Все дети начали смеяться.
— Что ж, это тоже неплохо. Но в любом случае произошла ещё одна магия, и теперь наш Санёк чувствует себя перезагруженным. То есть если бы Сане было сильно жарко и болела голова, то после такого лёгкого «водного шока» всё бы ушло.
— С этим я соглашусь, — поддержал меня Пушкин. — Но больше так не делай. Или хотя бы предупреждай. Я же тоже человек, а не мячик, которого бросают во все стороны. Мне хватило вчерашнего дня, когда ты выбросил меня в окно, как какую-то…
— Извини, — сразу же сказал я. — Реально, прости меня, Саня. Я это сделал не со зла. А может… В общем, давай забудем это. И обещаю, что больше такого не будет.

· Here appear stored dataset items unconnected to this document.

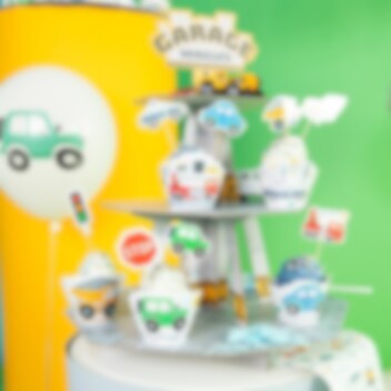 Skab en sjov stemning med dette muffinstativ, der forestiller en garage til alle slags køretøjer. Det passer perfekt til en fødselsdag med køretøjstema og er fremstillet af stabilt pap med en størrelse på 46 x 34 cm.
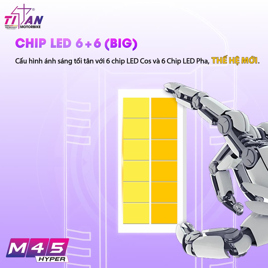 Đặc biệt, chip LED trong đèn trợ sáng M45 Hyper được thiết kế đột phá khi cả 6 chip LED trên và dưới đều phân bổ nằm ngang. Cách phân bổ chip LED này góp phần tăng góc sáng của sản phẩm, có thể đạt được hiệu quả chiếu sáng lên đến 2 - 3 làn đường, mang lại tầm nhìn toàn diện và rõ nét cho người lái.
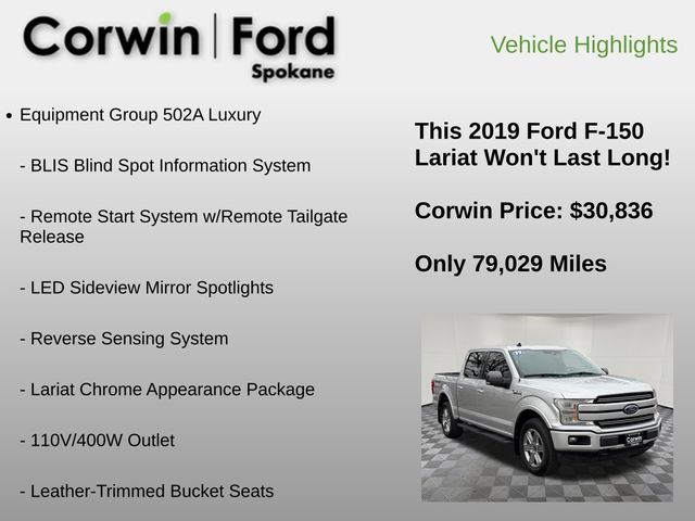 Ford offers a high-strength steel frame, along with sophisticated technologies such as automatic emergency braking, a blind-spot monitor, lane-keeping assistance, dynamic hitch assistance, and a backup camera, all designed to provide peace of mind. With advantages like these, it's no wonder our F-150 Lariat is so popular! Save this Page and Call for Availability. We Know You Will Enjoy Your Corwin Ford Spokane Test Drive Towards Ownership! See us today at Corwin Ford Spokane. Family owned for over 100 years! Excellent selection of New and Used vehicles, Financing options. Serving Spokane, Pasco, Kennewick, Richland, Walla Walla, Hermiston, Umatilla, Yakima, Sunnyside, Grandview, Dayton, Prescott, Denton County, Franklin County, Yakima County, Spokane County, Adams County, Grant County, and the Greater Columbia Basin. *All Prices plus applicable sales tax, license, and a negotiable documentary service fee up to $200 may be added to sales price or capitalized cost of the vehicle. One vehicle unless otherwise noted and subject to prior sale without notice. While supplies last. EPA mileage estimates are for newly manufactured vehicles only. Your actual mileage will vary depending on how you drive and maintain your vehicle.
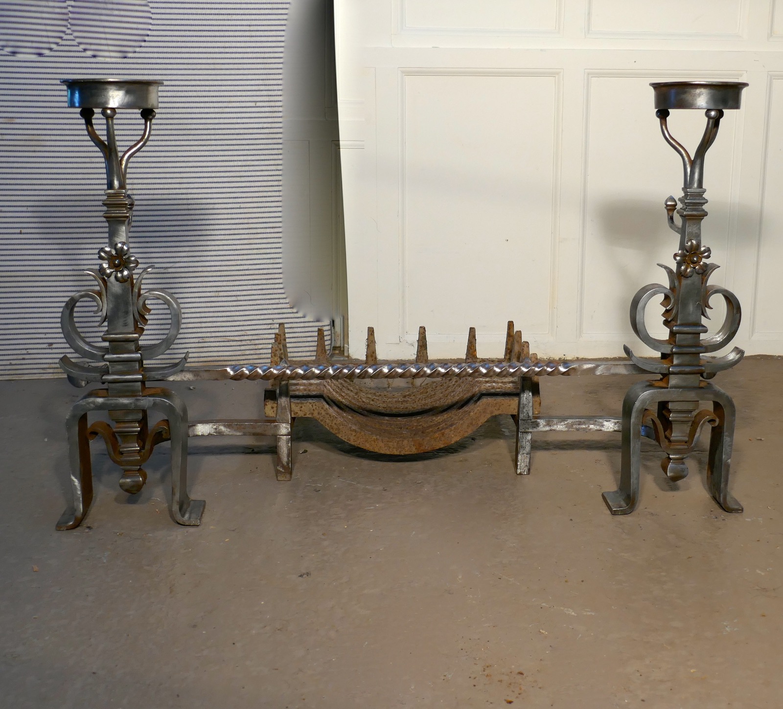 Large Pair of 19th Century French Iron Andirons or Fire Dogs
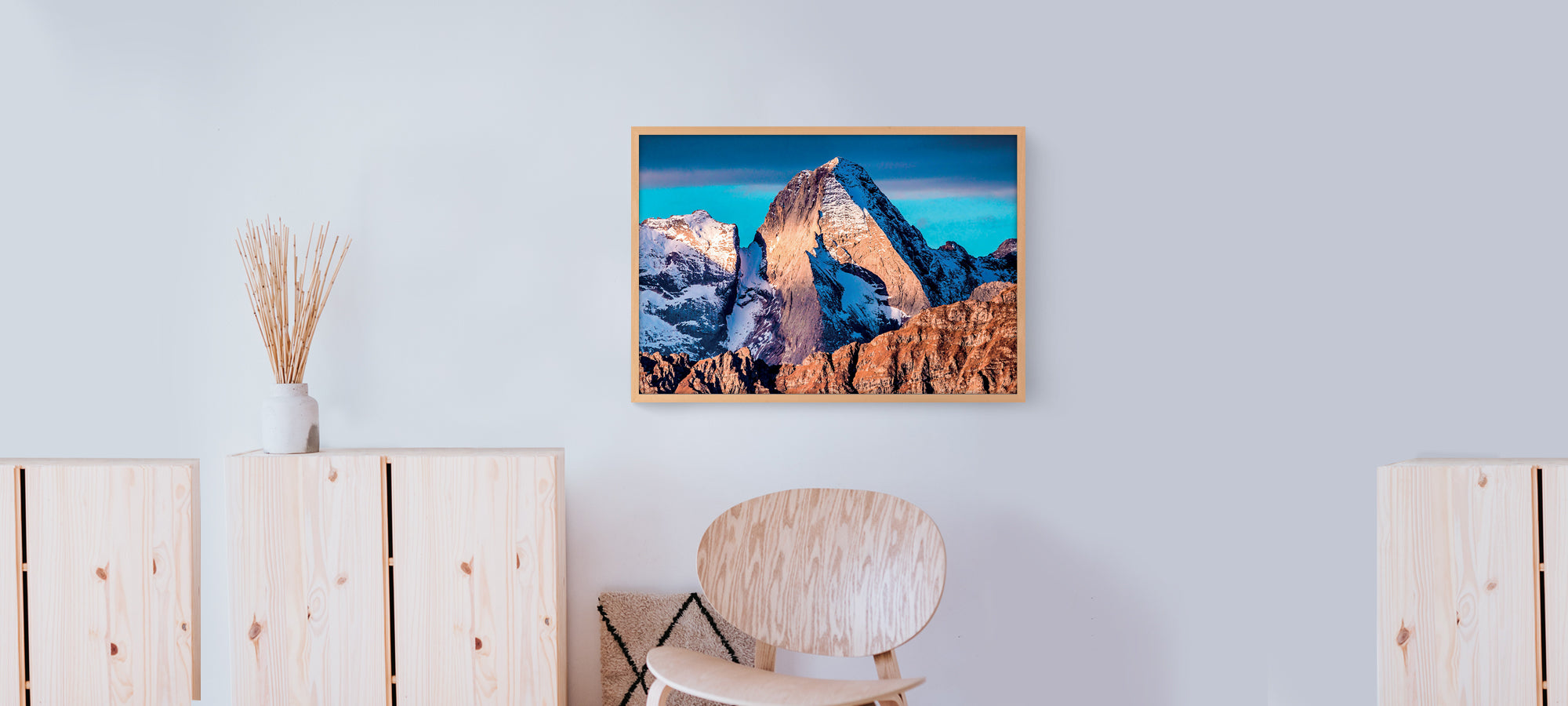 This work is available on Fine Art photographic paper or on Tiziano Canvas. The inks used are of the highest quality and long-lasting, guaranteeing brilliant and long-lasting color rendering. The colors in this image are imbued with contrasting emotions: the warm golden light that embraces the peaks conveys a feeling of calm and serenity, while the intense blue of the sky suggests infinite depth and a sense of wonder at the grandeur of nature.
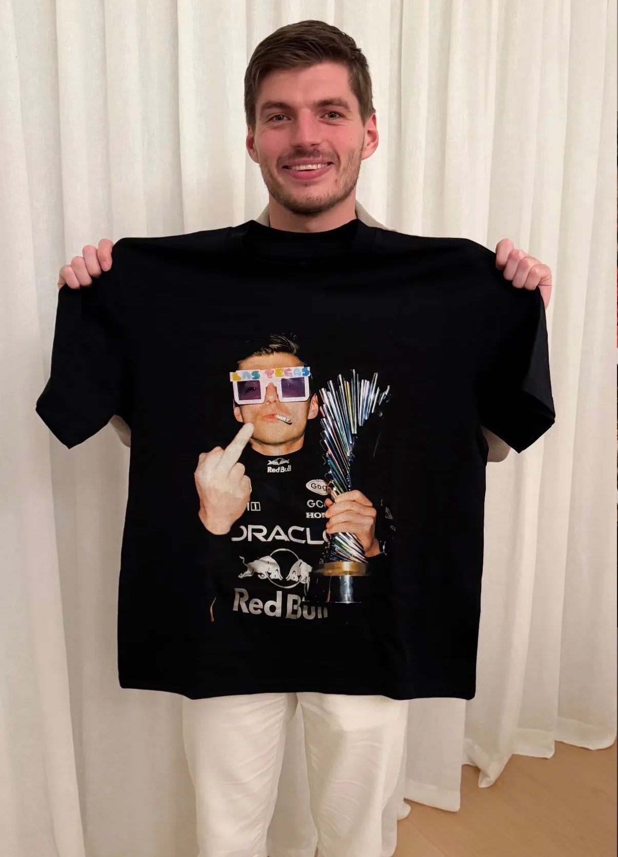 Пике опубликовала фото, на котором Ферстаппен держит чёрную футболку с принтом: на нём изображён он сам в момент празднования победы на Гран При Лас-Вегаса-2025 – с трофеем в руке, поднятым средним пальцем, сигаретой во рту и в ярких очках с надписью Las Vegas.
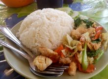 タイの肉野菜炒め定食 タイは飯がうまいので痩せにくい。
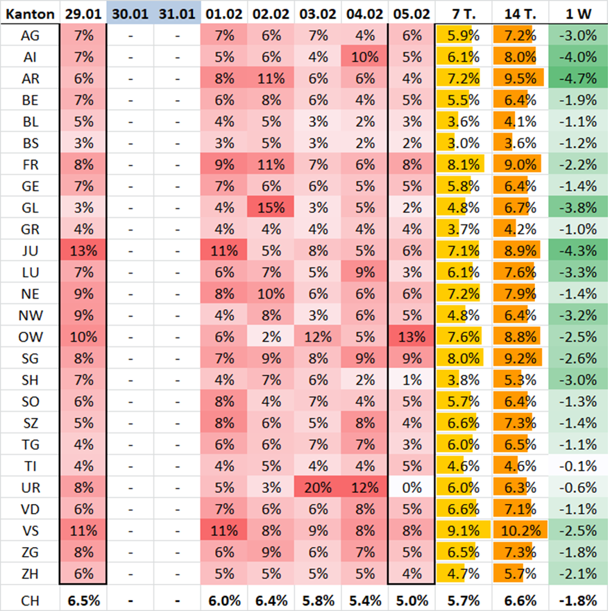 Veränd. in Prozent der Anz. Fälle pro Kanton in 1 Woche zur Vorwoche:
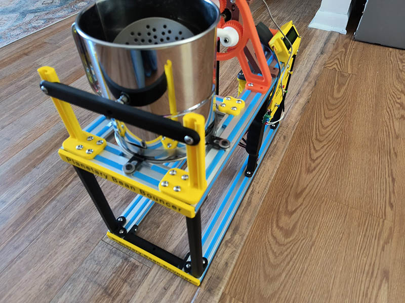 I also redid the frame using V-Slot 2040 on the bottom since I found some from another project to repurpose for this one. That makes the frame a lot simpler design. I also added handles mid-way into the center supports for grabbing when pouring the beans out. The center supports are not really needed for structure but do give a good place to grab on one side and give some mounting spots for the MAX6675 and cable ties for motor wire.
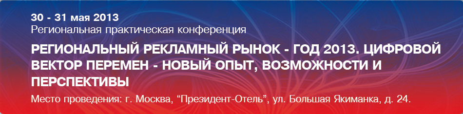 Российская ассоциация «Рекламная Федерация Регионов» 30-31 мая 2013 года в Москве проводит ставшую традиционной майскую практическую конференцию «Региональный рекламный рынок – год 2013. Цифровой вектор перемен – новый опыт, возможности и перспективы».
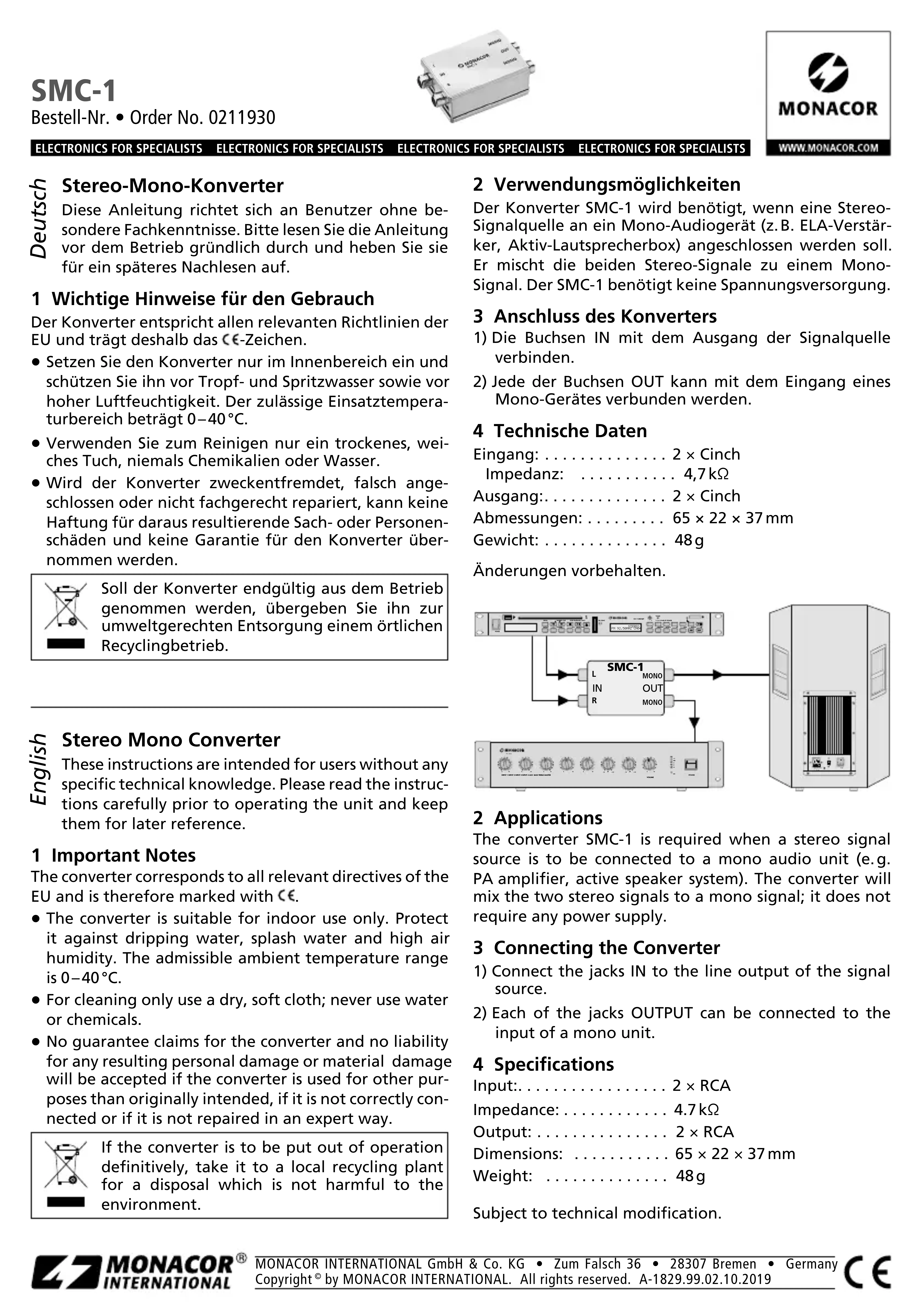 - × 22 × 37 mm Peso: g Con riserva di modifiche tecniche. SMC-1 Référence num. • Codice 0211930 Convertisseur stéréo mono Cette notice s’adresse à l’utilisateur sans connais- sance technique particulière. Veuillez lire la présente notice avant le fonctionnement et conservez-la pour pouvoir vous y reporter ultérieurement. 1 Conseils importants d’utilisation Le convertisseur répond à toutes les directives nécessaires de l’Union européenne et porte donc le symbole p. 48
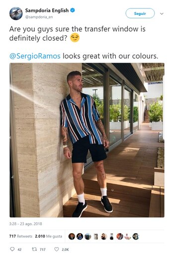"¿Están seguros de que la ventana de transferencias está definitivamente cerrada? Sergio Ramos luce fantástico con nuestros colores", fue el mensaje que acompañó a la imagen en la cuenta de Twitter en inglés de la Samp, que mencionó al futbolista.
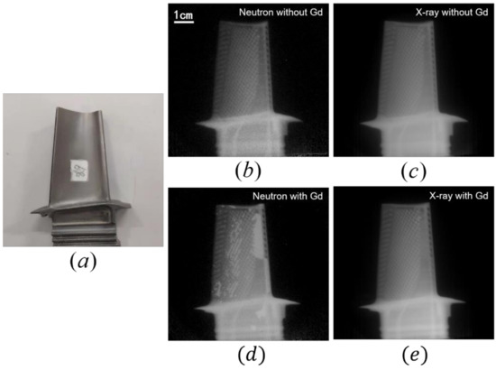 (a) The photo of an inspected turbine blade; (b) the neutron image and (c) the X-ray image of the blade without gadolinium tracer; (d) the neutron image and (e) the X-ray image of the blade with gadolinium tracer (Measuring time is 60 min for each pair of imaging).
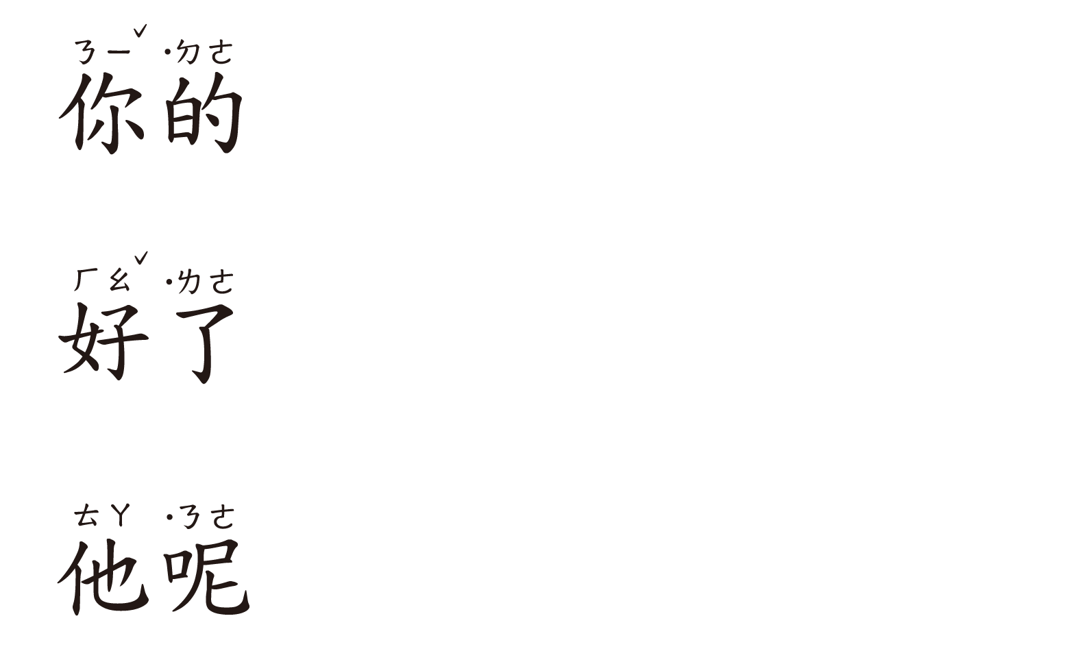 以圓點代表較輕短之變調。 | 直式注音時標注在字音上方,橫式注音時標注在字音前方。 |

— Лааадно, — посмеялся Пушкин. — Я тебя и так простил. Но за повторное извинение — красавчик. — И Саня Пушка поклонился.
Не знаю, как вы, но я почувствовал некое облегчение.
С одной стороны, мне стало очень обидно, что я вообще бросил Пушкина через окно и обматерил, с другой — почувствовал дружескую любовь от мелкого. Ощущение, будто мы стали корефанами.
Тем временем Менделеев взял несколько палок с большими листьями. Что-то смастерил буквально за минуту.
— Можно я буду следующим? — поднял он руку, как будто мы в школе.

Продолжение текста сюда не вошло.